Community Housing Data Tool: Sharing Data through a Community-Driven Approach
Presenter: Soojin Conover, Vital Village Network at Boston Medical Center
Co-Authors & Abstract
Allison Bovell-Ammon, Director of Policy Strategy, Children’s HealthWatch
Darris Jordan, Breathe Easy at Home Coordinator, Boston Public Health Commission
JoHanna Flacks, Legal Director, Medical-Legal Partnership Boston
Tomiqua Williams, Community Resident Partner
Yusuf Ali, Network Coordinator, Vital Village Network at Boston Medical Center
The Community Housing Data Tool by Vital Village Network was developed to provide information and resources to individuals, families, and organizations interested in learning more about the state of housing in Boston communities. It was co-created with the Community Data Workgroup (CDW), a diverse team of individual residents and organizational community partners, who provides valuable direction in forming the framework and topics in the Data Tool. Building on guidance from the CDW, the Data Tool intends to make housing information and resources accessible to Boston families, with a focus on topics that residents identified as most relevant. In this talk, we will introduce the Data Tool and how the community has led the process of its development and ongoing plans for expansion. Emphasizing the relationship between health and housing, the tool shares data maps and resources about four categories of support systems: in-house quality and safety, community and external quality and safety, accessibility of affordable living options, and stability support. The tool presents a dynamic model for integrating equity within data sharing efforts that center the lived experience and voices of populations that have been relatively less highlighted in discussions on housing. The interactive tool ultimately aims to promote equitable and safe housing environments in all Boston neighborhoods.

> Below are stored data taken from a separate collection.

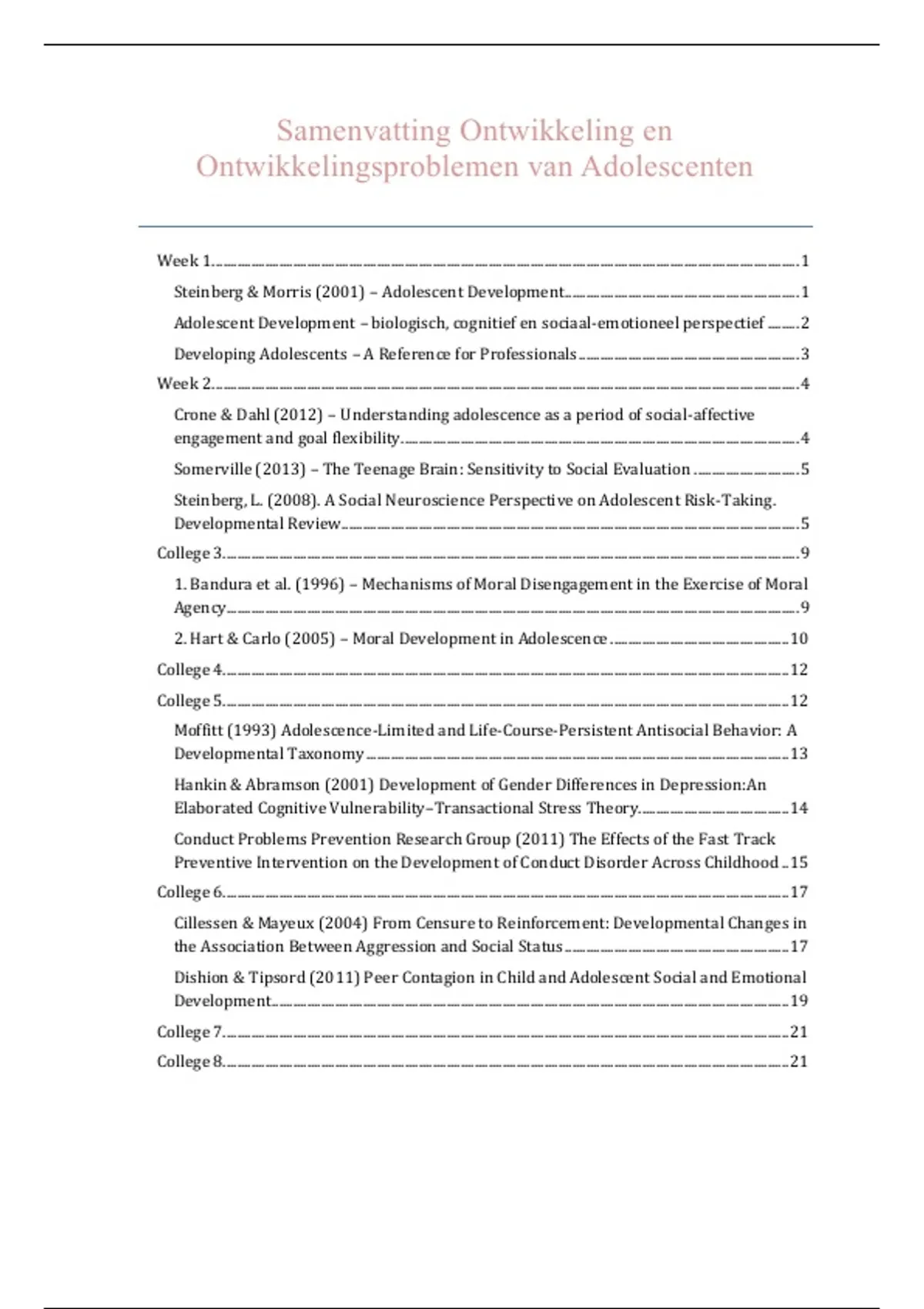 Steinberg & Morris (2001) – Adolescent Development ................................................................... 1
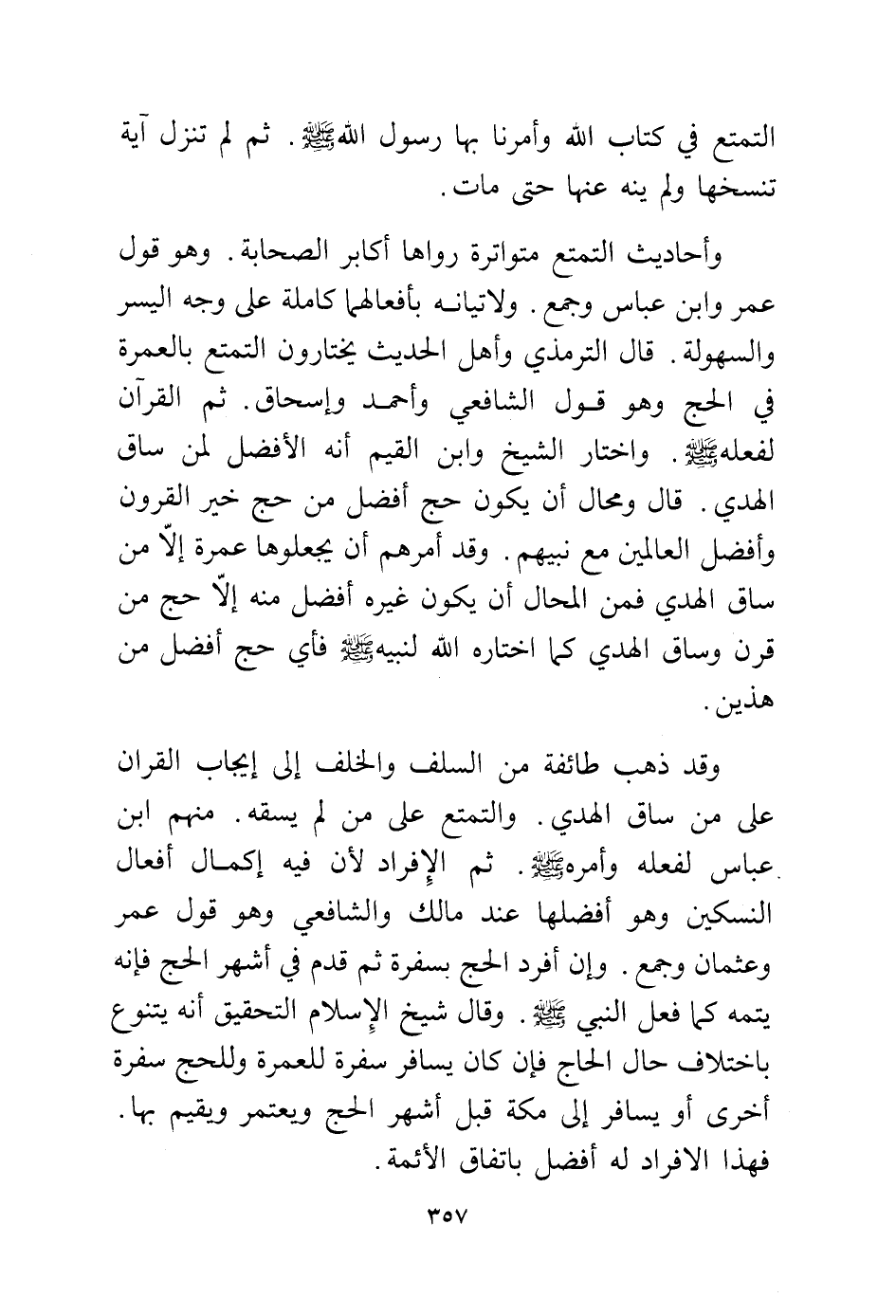 وقد ذهب طائفة من السلف والخلف إلى إيجاب القران على من ساق الهدي. والتمتع علىمن لم يسقه. منهم ابن عباس لفعله وأمره - صلى الله عليه وسلم -. ثم الإفراد لأن فيه إكمال افعال ابن سكين وهو أفضلها عند مالك والشافعي وهو قول عمر وعثمان وجمع. وإن أفرد الحج بسفرة ثم قدم في أشهر الحج فإنه يتمه كما فعل النبي - صلى الله عليه وسلم -. وقال شيخ الإسلام التحقيق أنه يتنوع باختلاف حال الحاج فإن كان يسافر سفرة للعمرة وللحج سفرة أخرى أو يسافر إلى مكة قبل أشهر الحج ويعتمر ويقيم بها، فهذا. الافراد له أفضل باتفاق الأئمة.
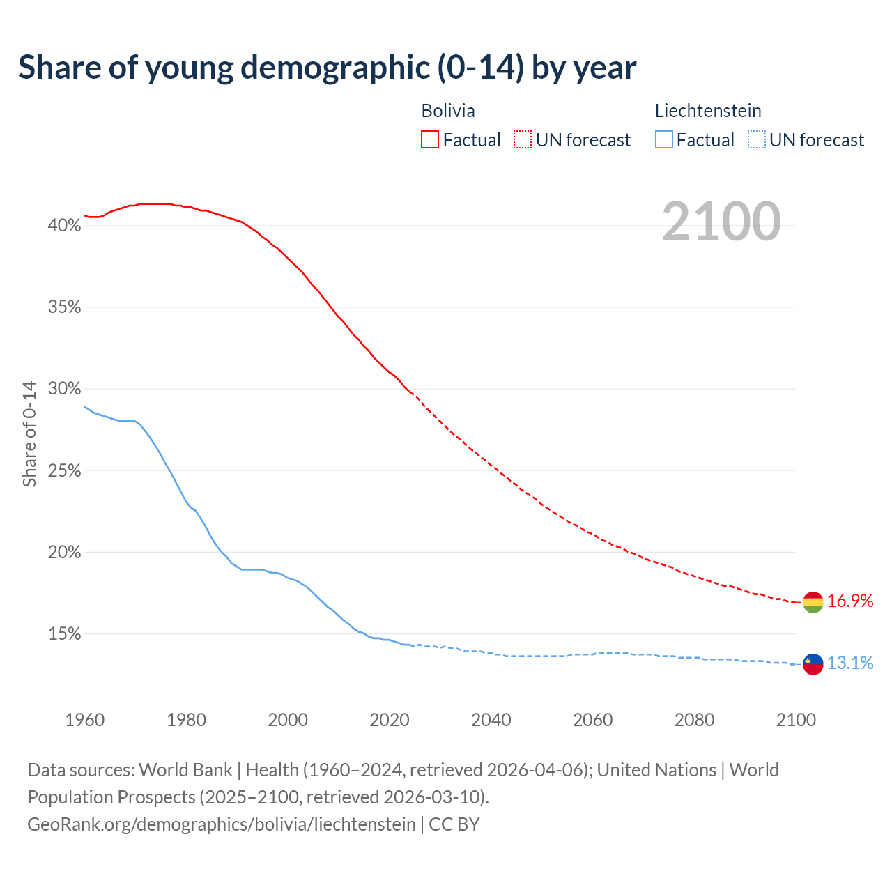 - The share of young demographic (0-15 years old) in Bolivia is 29.8% vs 14.3% in Liechtenstein.
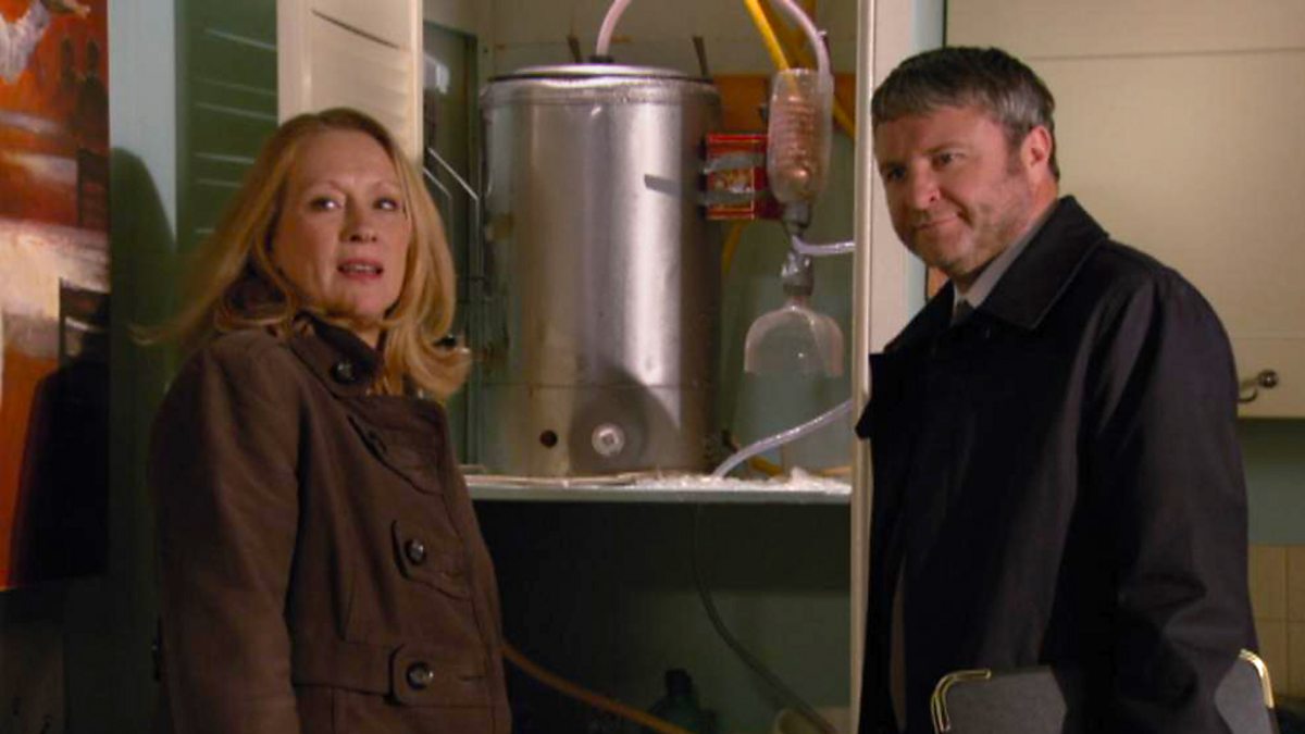 Despite Eileen's guilt over the bribe, she is confident that Mark Vincent being the new landlord for the O'Haras and Mullens is the right way to go. Not even a letter from Raymond's solicitors disclosing that he has applied for full residency for Stuart blunts her optimism. She simply tells Raymond it would never work and then joins Mark Vincent to convince the somewhat cynical residents that he will modernise their flats. To Eileen and Mark's delight, Molly, Scarlett and Jimmy are won over and thrust their lists for refurbishment at the twosome when they come to check out the flats. However, Scarlett's moonshine explodes, seeping into the floor. All are astounded when Mark Vincent announces this gives him cause to evict them. Eileen pleads with him to reconsider, but Mark is intransigent, revealing to a horrified Eileen that clearing the flats for more desirable tenants who can pay higher market prices was his plan all along. Eileen wants nothing to do with this, but he reminds her fifteen thousand pounds says otherwise. Betrayed, Eileen feels helpless, but Kelly-Marie girds her into action. Eileen challenges Mark that what he's doing is illegal, but he is unfazed. Eileen faces the evictees with the bad news, but promises them she'll find them temporary accommodation. This doesn't prove easy. Her problems are compounded when Raymond, appalled by Eileen's association with Vincent, decides he is going ahead with the writ. In response, Eileen fronts up to Donald, ready to dob in Raymond over Kennedy's murder. But she thinks better of it. Having found out about her visit, Raymond's attack on Eileen is searing, making her feel even worse.
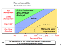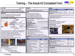 A best layout plan and system without qualified people (team members) will not be successful. That’s why a robust Lean Enterprise must have a structured leadership development program in action. Senior officers of a company must be the stewards or sponsors of the LeanSigma initiative. It is a top down process. At the front line or factory, it starts with establishing a 5s culture where pride, dedication, and accountability are developed and reinforced daily with 5s audits. A progressive MDI (Managing for daily improvement) program is ingrained into the daily operation cadence with Gemba Walk in a visual workplace. Traditional Greenbelt, Blackbelt, and Lean Master formal trainings are necessary to prepare the leadership to become mentors. A more impactful people development starts in the KPO (Kaizen promotion office) and DOJO (formal Kaizen training center) on the shop floor. Since 95% of the problems can be solved on the frontline, people development are vital to the Lean culture success. Therefore certified SME (Subject Matter Experts) is an effective way to empower shop floor team members to drive continuous improvements everyday. The A3 root cause analysis method, management and shop team members follows a formalized 6 step process to address a problem. This promotes buy-in and sustainability in the solution.
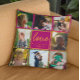 Deze kic en kleurrijk werpen kussen eigenschappen een fotonet met acht van uw persoonlijke foto's en moderne manuscripttypografie die "liefde"op de voor en rug zegt. Een kleurrijk en stijlvol geschenk voor je moeder, echtgenoot of familielid wanneer je ze wilt laten weten hoeveel ze van je houden.
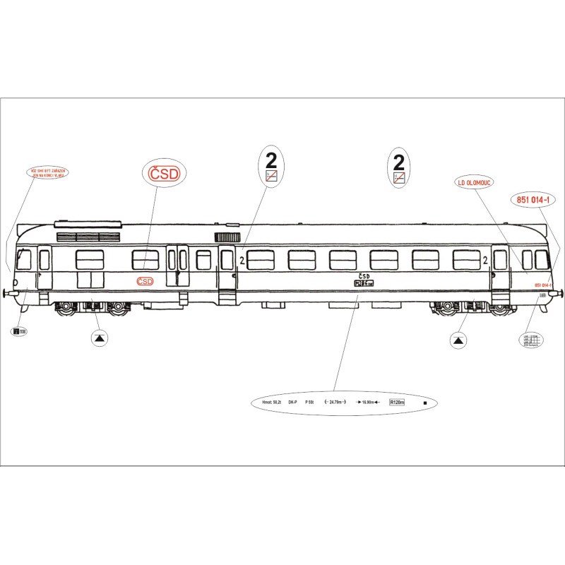 Obtisky na motorový vůz 850/851, unifik vz. 1988, ČSD, IV. epocha, TT, Jacek 12OM8001
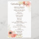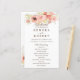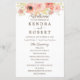 Este belo programa de casamento apresenta rosas rosa-coral acentuadas com folhas de ouro e galhos. O texto castanho escuro se coordena perfeitamente com os designs florais cor-de-rosa e dourados. A frente apresenta os nomes do casal, a data do casamento e a localização, bem como os detalhes da cerimônia. A parte traseira apresenta os nomes da festa de casamento. Todos os detalhes, incluindo a cor do texto, são completamente personalizáveis. Note-se que as folhas de ouro não são folhas de ouro e não serão brilhantes no programa impresso.
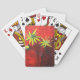 Flores amarillas sobre fondo rojo. Mi pintura de 2008 ahora jugando a las cartas.
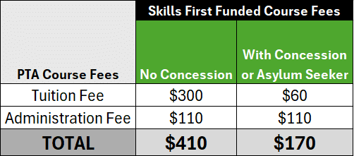 *Aboriginal and/or Torres Straight Islanders pay the course Administration Fee but do not pay any Tuition fee.
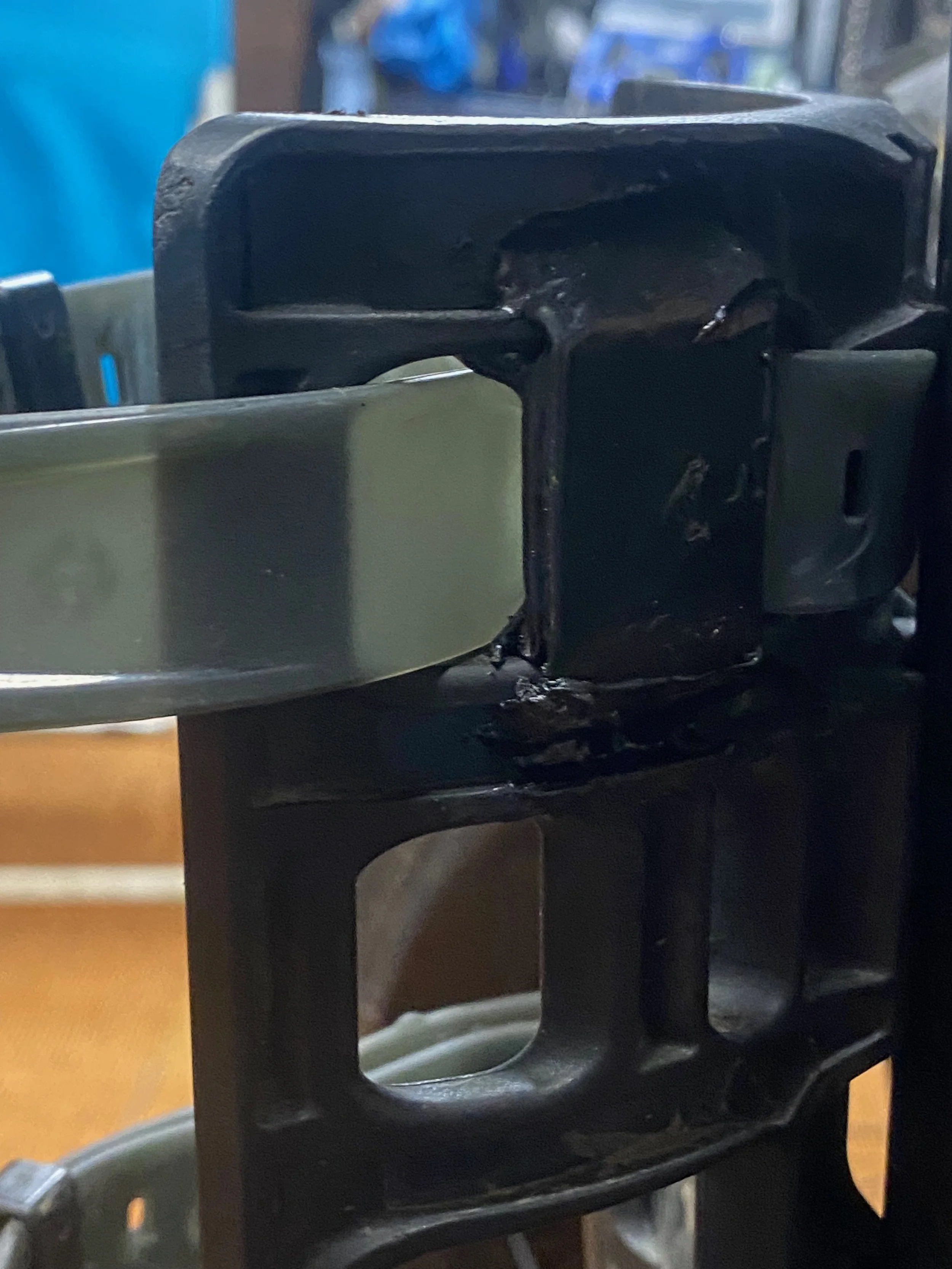 I drilled a 1/16” hole on each side of the crack and used a paper clip to wire the crack closed. Then I used moldable plastic to bond everything together.
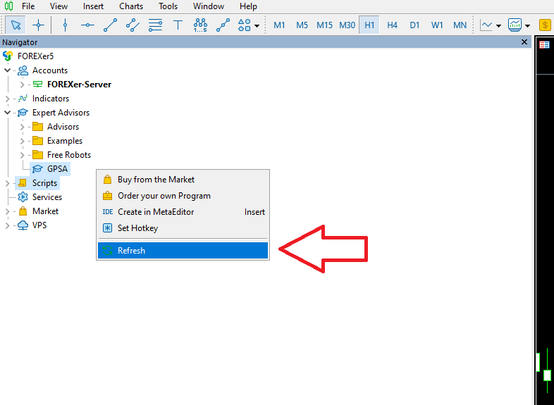 در پنجره Navigator روی Experts راستکلیک کرده و Refresh را انتخاب کنید.
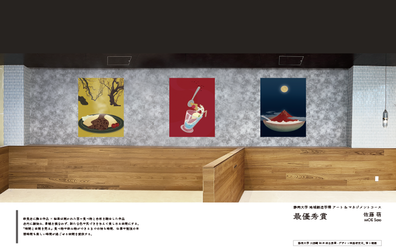 「地域の人々が集って楽しめる場所を作りたい」と考え、文具、児童書、カフェを融合した店を開きました。老若男女を問わず誰もが気軽に立ち寄れる空間を目指しています。そして、「若者の活躍の場になれば」と静岡大学の川原﨑准教授と連携し、学生が描いた絵を店内に展示しています。
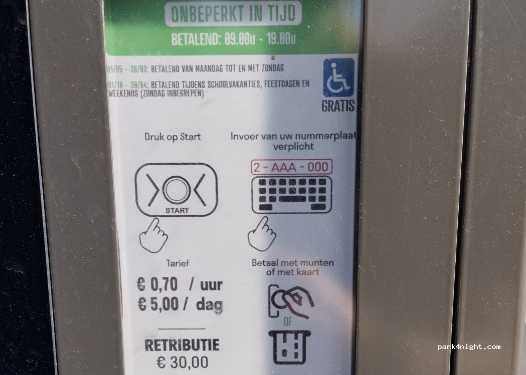 Quite place. Full of normal cars. 5 € for 10 hours + free betwen 19:00 to 9:00. Beach is near, city centrum is near. Toilet isn't there. WC is near beach. Parking place only for campervans (5 m). Next to parking is fence, so you can't go to nature.
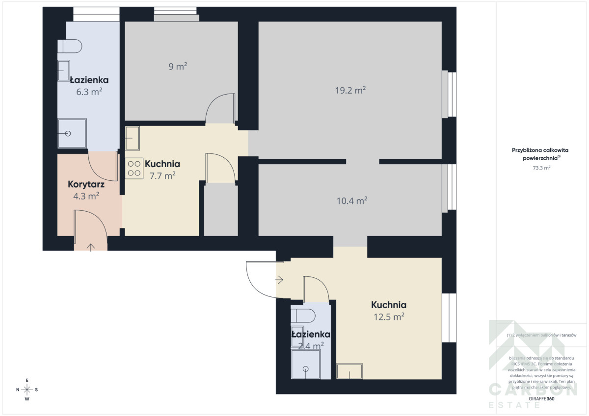 Możliwość podziału na dwa niezależne mieszkania - jedno 2-pokojowe oraz jedną kawalerkę.

The Politics & Practice of Non-Local Control in Urban Rental Markets
Presenter: Nicholas J. Henninger, Boston University
Recent scholarship in urban politics analyzes the impacts of public housing, housing choice vouchers, and other public-sector initiatives to lessen concentrated poverty in formerly red-lined neighborhoods. However, within a context of welfare retrenchment, the median low-income renter is housed by a private landlord and receives no government subsidy. This may lend significant economic and political power to landlords operating in low-income majority-minority neighborhoods.
Utilizing property ownership data from Boston, Detroit, and Milwaukee, this study finds that landlords owning in low-income neighborhoods are more likely to be non-local – residing over a mile from their property – than landlords in higher-income neighborhoods. Furthermore, non-local landlord status is significantly associated with tenant race and housing type. Stark economic and demographic disparities are shown between non-local landlords’ and their tenants’ respective home communities, with landlord communities significantly whiter and higher-income.
The study further analyzes the political activity of landlords in response to fair housing legislation at the municipal level. Regarding Boston’s Jim Brooks Community Stabilization Act (2017), it finds elevated rates of landlord donations to those councilors voting against the Act – especially from landlords outside of Boston. Altogether, this research finds that landlord-tenant disparities are a key aspect of distorted representation in modern cities.
Moderator: Luc Schuster, Director, Boston Indicators at the Boston Foundation.